How to Grow Weed from Seeds: TOP 7 Tips for Healthy Germination

how to grow weed from seeds

How to Grow Weed from Seeds: TOP 7 Tips for Healthy Germination

Growing marijuana seeds allows you to connect with your cannabis on a physical level. There is something special about nurturing a seed that will eventually grow into the gratifying bud we all know and love. Growing cannabis isn’t rocket science, but it does take time, patience, and care. If you are curious about how to grow weed from seeds, look no further.

 

By reading this article, you’ve already shown you care about growing cannabis responsibly.
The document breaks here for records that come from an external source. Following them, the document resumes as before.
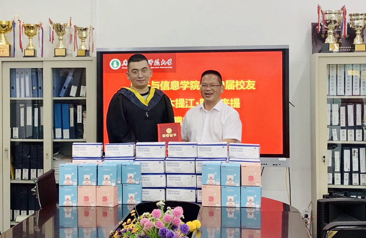 麦合木提江▪阿卜来提表示,母校承载着他的青春和梦想,也见证着他的成长,在毕业离校之际,作为正在创业的少数民族学生捐赠口罩送给抗疫一线的老师和返校的同学们。“非常开心能助力学校的疫情防控工作,感谢党和广师大对我的培养教育,自己一朝是广师大学子,终生要服务广师大的发展!”
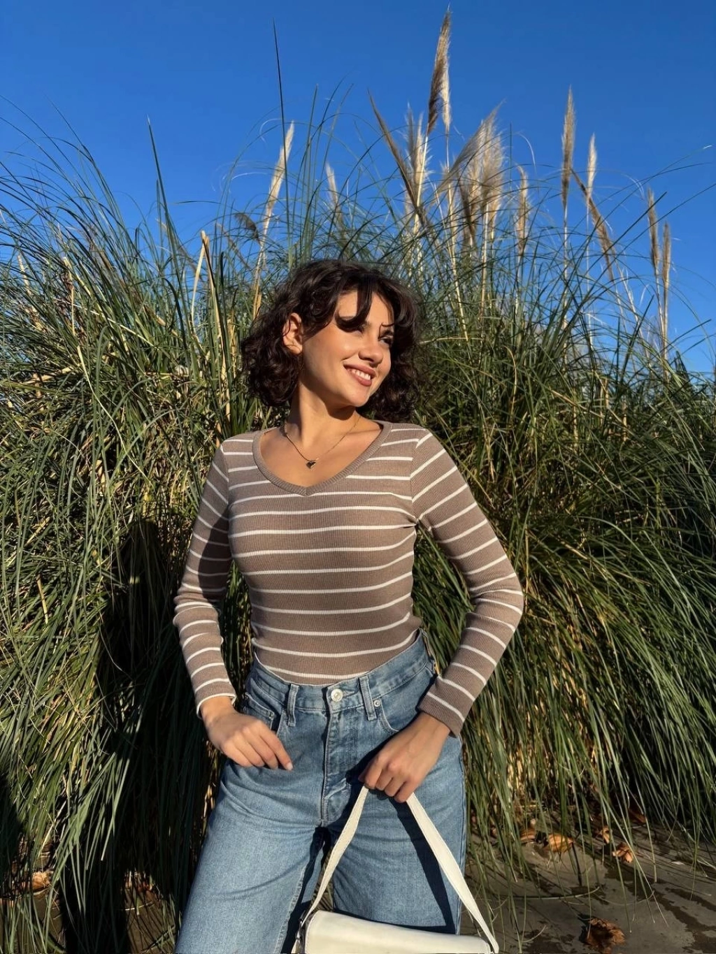 - Bej renk ve çizgili desen kombinasyonu, şıklık ve zarafeti bir arada sunar.
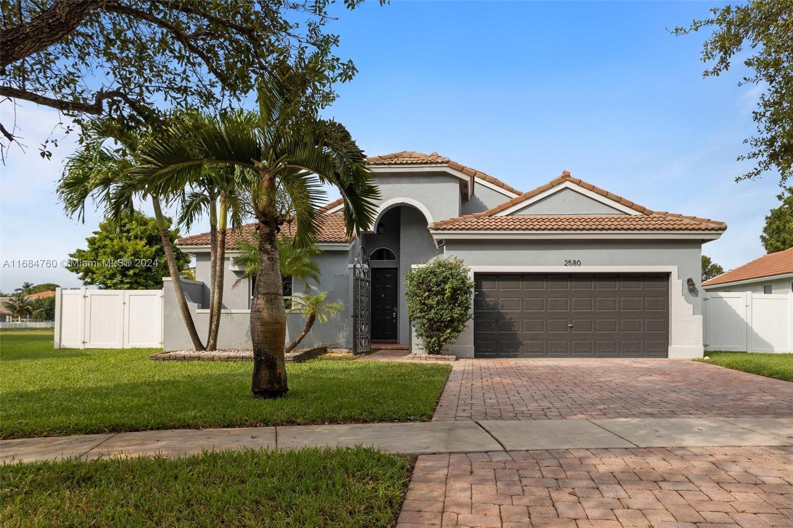 Beautiful single-story lakefront home in the quiet gated community of Monaco Cove in Sunset Lakes! This 4-bedroom, 3-bath home features a family room and has undergone extensive renovations, both inside and out, including upgraded flooring, master bathroom, impact windows, new painting, efficient AC / water heaters, and more. It features high-end finishes, stainless steel appliances, and spacious 13-foot ceilings. The fenced backyard offers stunning lake views and breathtaking sunsets, with ample space for a pool. Make this bright and spacious retreat your new home.
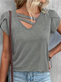 Sale Petal Sleeve Loose T-Shirt, Short Sleeve Casual Top
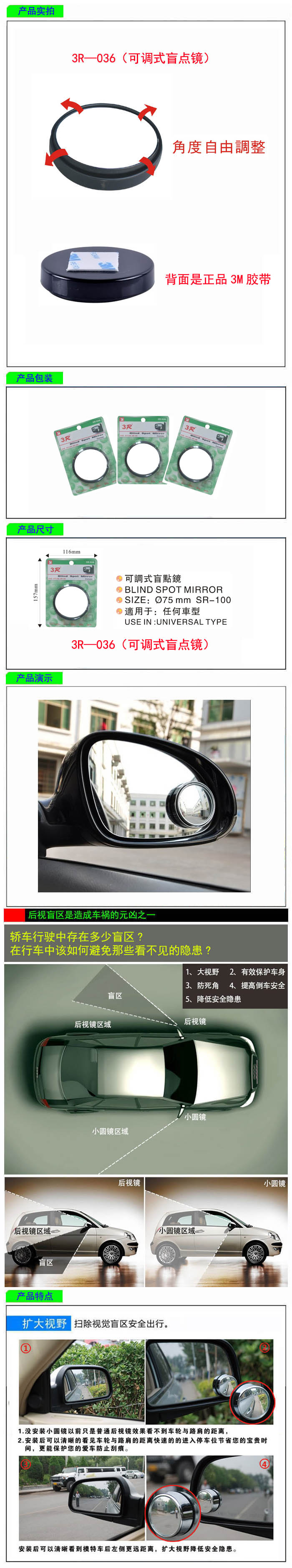 • 型號:   3R—036(可調式盲點鏡)
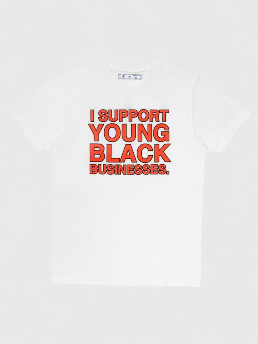 Make a statement with this Off-White ISYBB T-Shirt, a sophisticated piece that merges high-fashion design with meaningful messaging. Crafted in crisp white, this tee features the iconic "I Support Young Black Business. " slogan, reflecting Off-White's commitment to social consciousness. The clean aesthetic and premium construction ensure versatility for both casual and elevated styling. A wardrobe essential that celebrates entrepreneurship and community support whilst maintaining the brand's signature minimalist elegance.
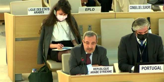 أكدت سورية رفضها الكامل لمشروع القرار البريطاني حول “حالة حقوق الإنسان في سورية” مبينة أنه نموذج عن القرارات المسيسة التي تتعارض مع مبادئ الموضوعية التي قام عليها المجلس ويتجاهل الإرهاب التكفيري الذي يهدد حياة السوريين والعدوان والاحتلال والحصار الاقتصادي الذي تمارسه الدول الراعية لمشروع القرار.
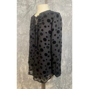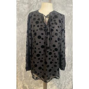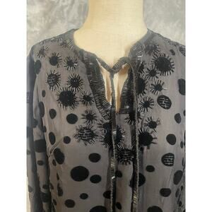 Tactile dots pattern, a burnout pattern that is illuminated by sparkling black beading. Fully beaded tie-detail split neckline and gathered cuffs. Slips on over head. Slightly gathered shoulders. Lined.
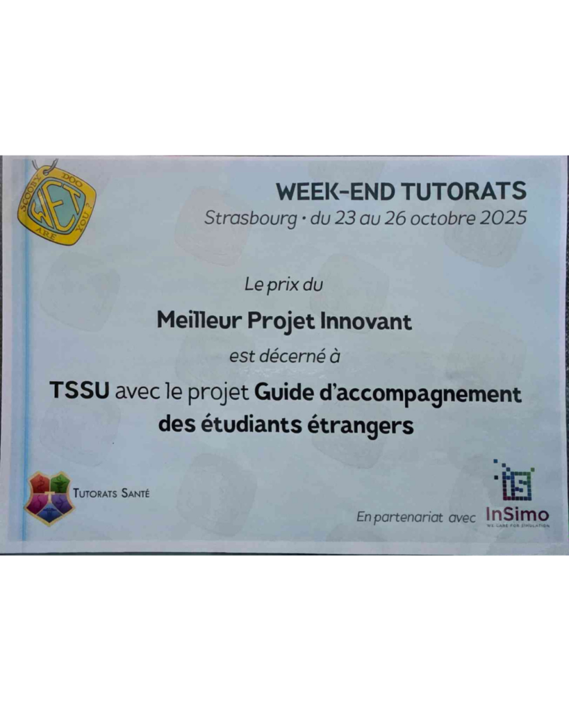 - Le « Prix du Projet Innovant » (lors du Week-End des Tutorats) : Nous avons également été récompensés lors de cet événement national pourla création de notre guide d’accompagnement des étudiants étrangers. Cette initiative souligne notre volonté de faciliter l’intégration et de garantir l’égalité des chances pour les étudiants internationaux arrivant à Sorbonne Université.
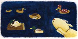 莎莎对着池塘叫,“咩!”,可是鸭子们谁也不起来。
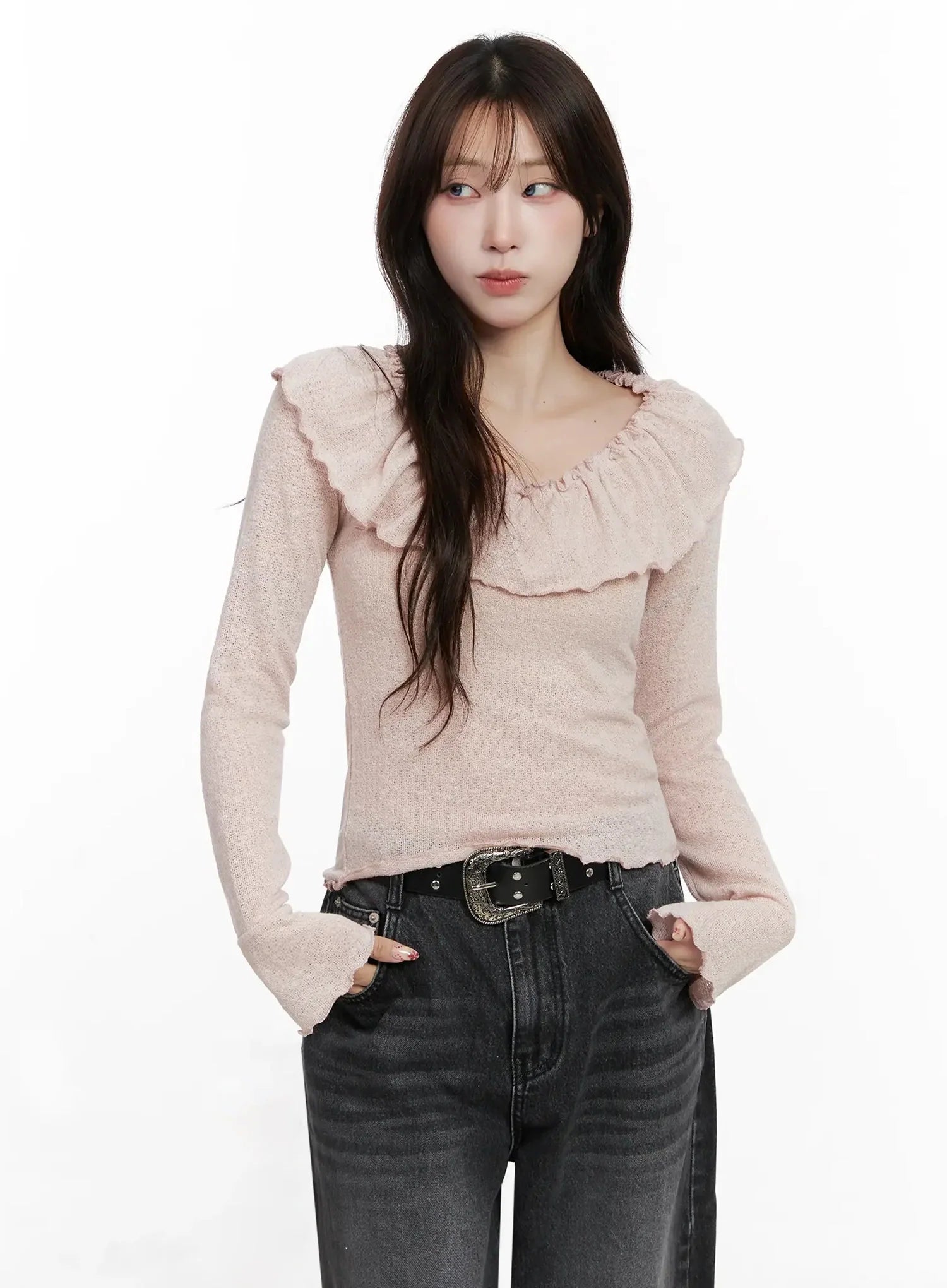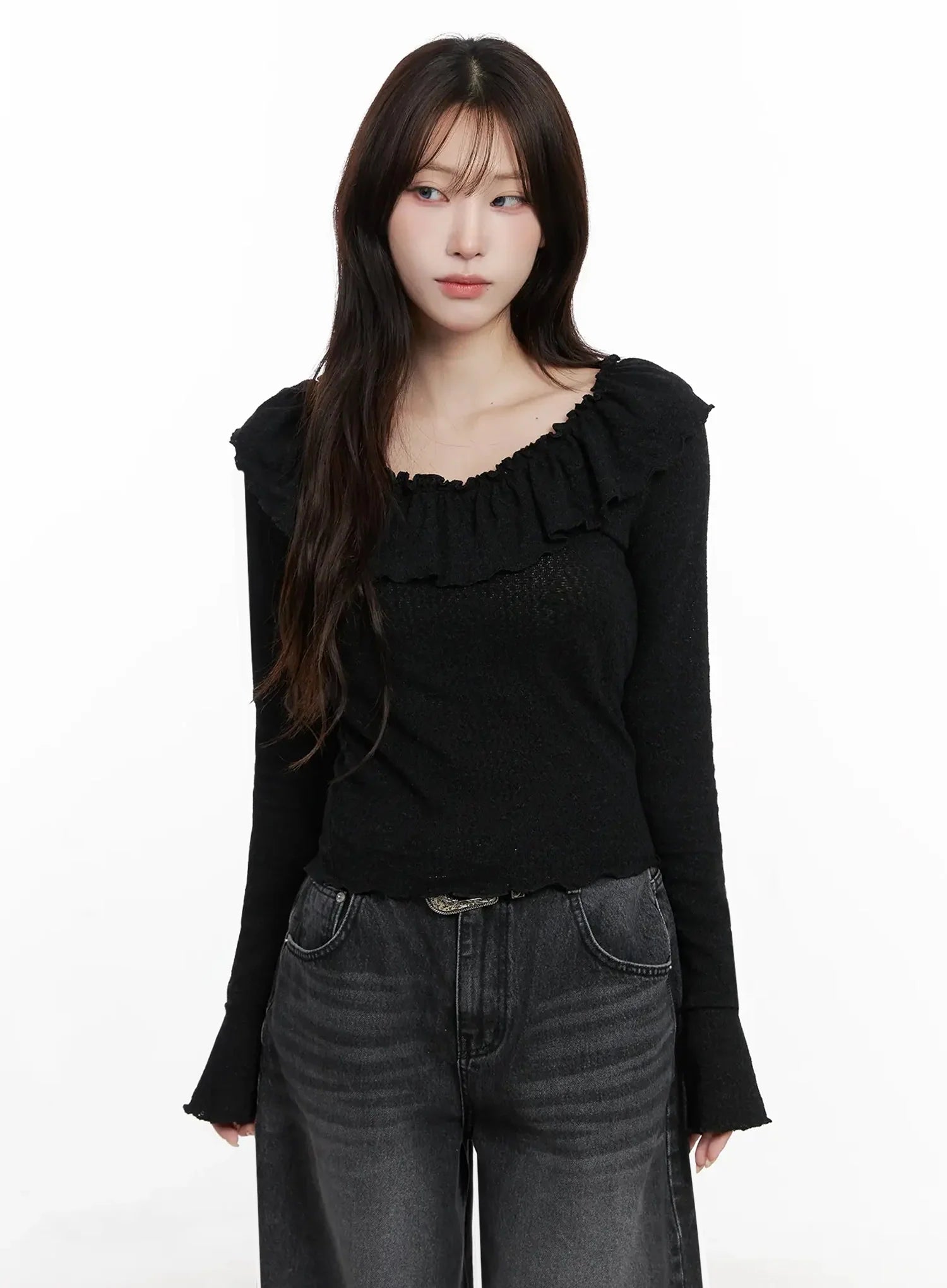 Frilled Off-Shoulder Long Sleeve Top IN514
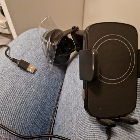Kraftig nattbord-stativ til telefon og nettbrett selges.
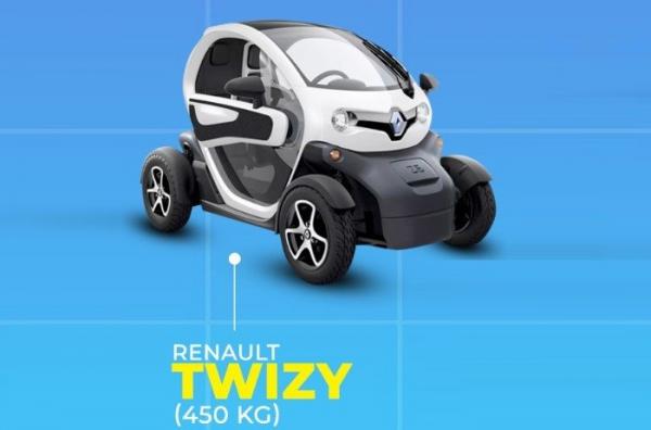 Mobil bertenaga listrik ini hanya memiliki bobot sebesar 450 kg. Panjangnya hanya 2,3 meter dan 1,4 meter, mobil ini cukup laris di Eropa pada 2012. Renault Twizy memiliki desain yang unik satu pengemudi di depan dan satu penumpang di belakang, layaknya sebuah sepeda motor.
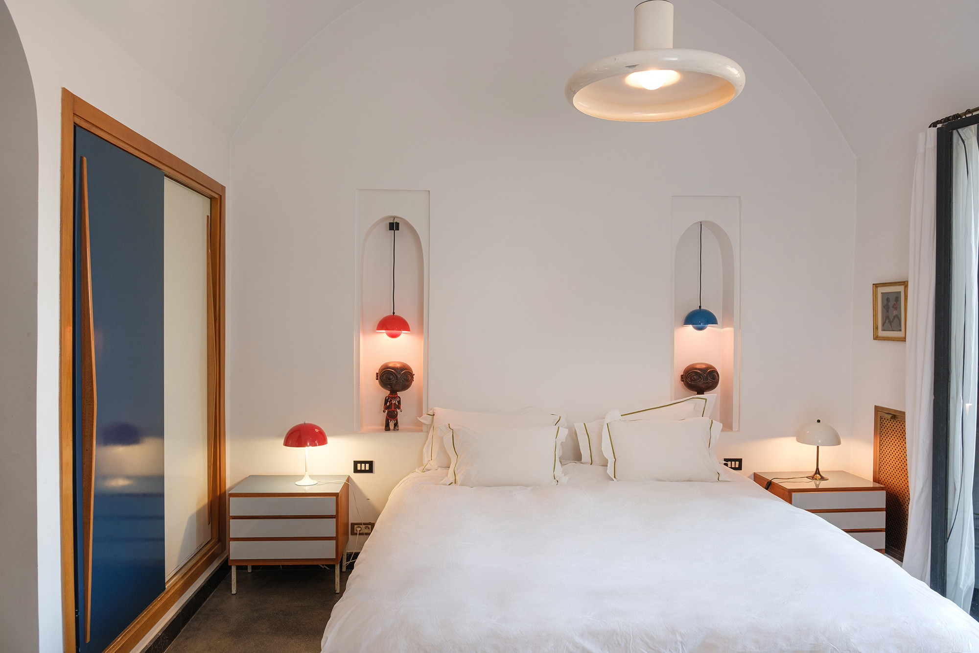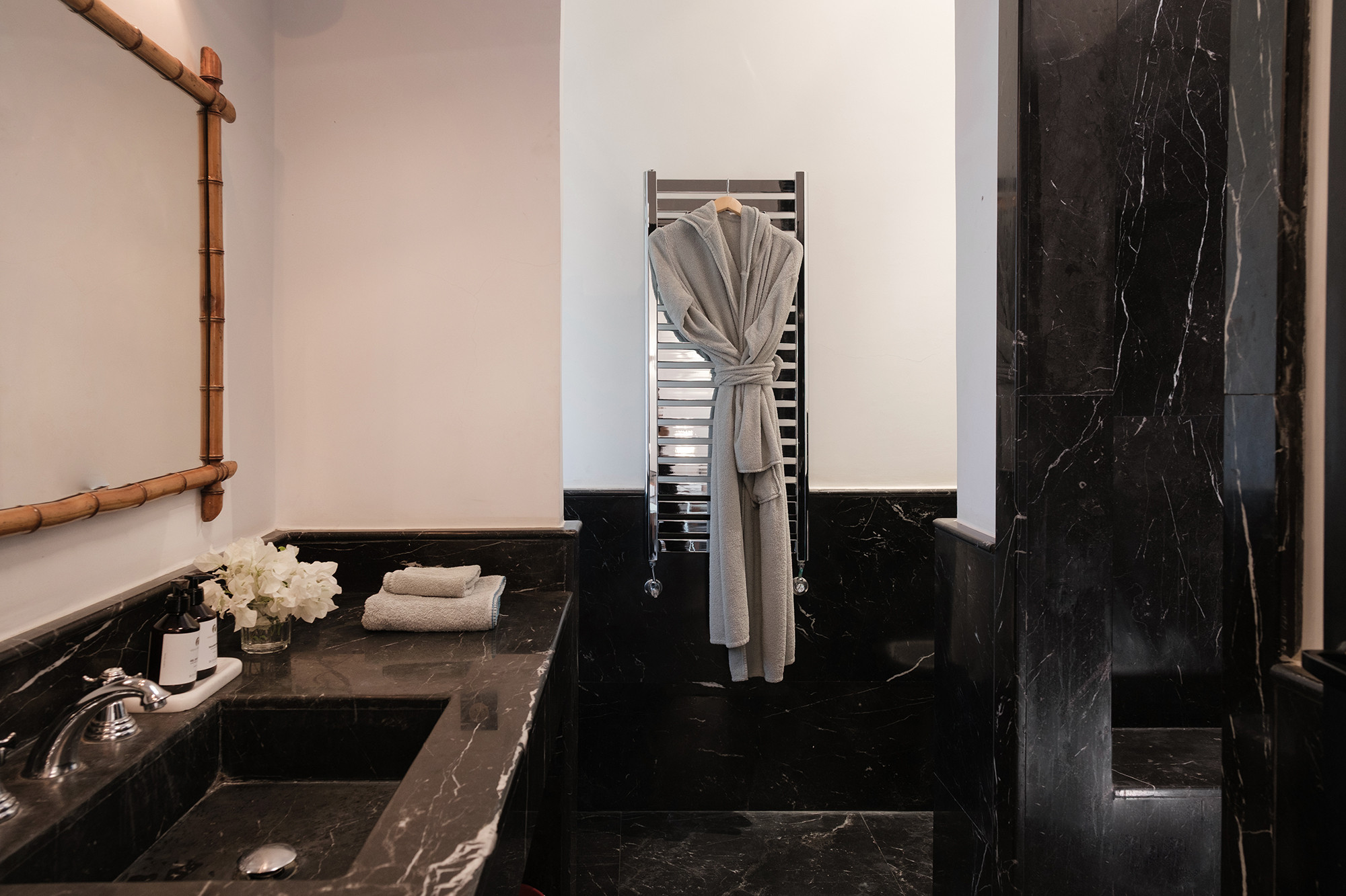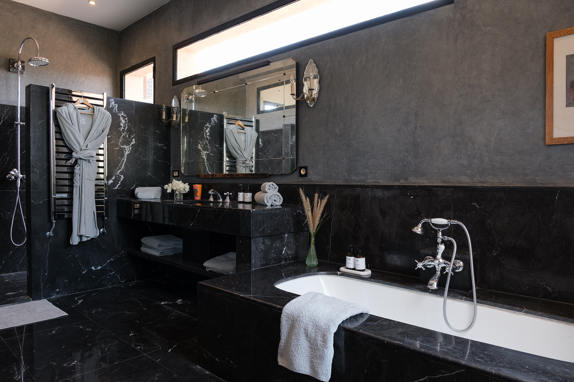• 6 chambres, chacune avec lit kingsize et salle de bain privative, pensées comme des suites d’hôtel, rangements généreux et beaux luminaires.

We’ll take a look at the benefits of growing your own marijuana or hemp and the best methods for keeping your plants healthy and happy. Before getting our hands dirty, let’s examine what it takes to grow cannabis.

 

 

Is It Easy To Grow Weed from Seeds?

Growing weed from seeds can be easy, but it won’t happen overnight. This cannabis plant may be special, but it still requires the same attention and nutrients that other plants require. While it requires dedication, marijuana cultivation is a relaxing process that anyone can have fun with.

 

Since a seed’s environment impacts its needs, an Alaskan grower’s experience in winter will differ from one planting their marijuana in Louisiana’s summer heat. Fortunately, this doesn’t mean your environment limits your growth abilities. If you can’t grow seeds outdoors, take them inside!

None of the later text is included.